◆ How to complete this task: For this exercise, write out only the lines of the entries below from the one with "201 (tay cầm)" up to and including the one with "注意:由於MKNetwork", exactly as they are. Pictures stay out.

◆ Data to examine:
BEGIN
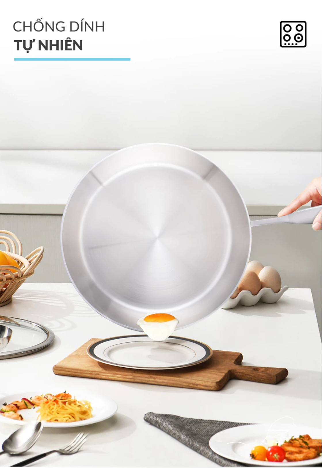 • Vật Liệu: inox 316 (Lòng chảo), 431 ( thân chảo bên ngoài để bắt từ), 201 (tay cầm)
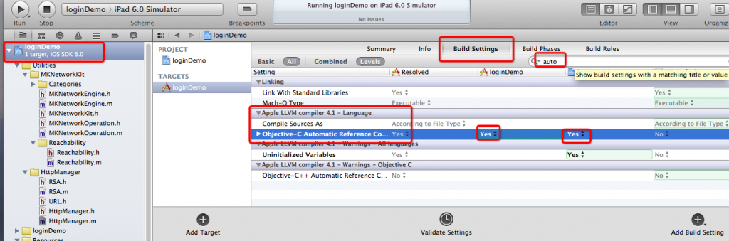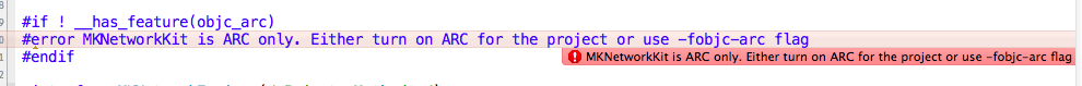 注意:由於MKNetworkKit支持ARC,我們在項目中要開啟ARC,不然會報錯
END
BEGIN
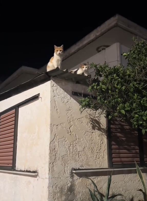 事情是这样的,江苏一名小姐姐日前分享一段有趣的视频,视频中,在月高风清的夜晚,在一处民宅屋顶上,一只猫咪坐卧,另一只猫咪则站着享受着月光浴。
END
BEGIN
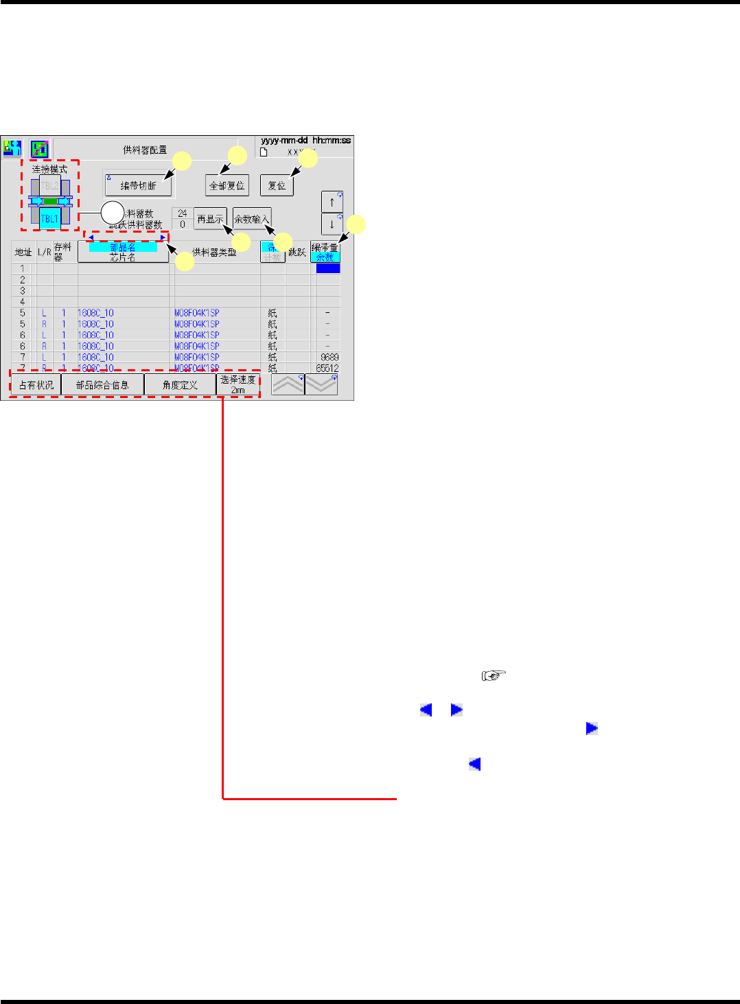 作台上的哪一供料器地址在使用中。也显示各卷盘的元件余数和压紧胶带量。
END
◆ Response to the exercise:
 • Vật Liệu: inox 316 (Lòng chảo), 431 ( thân chảo bên ngoài để bắt từ), 201 (tay cầm)
 注意:由於MKNetworkKit支持ARC,我們在項目中要開啟ARC,不然會報錯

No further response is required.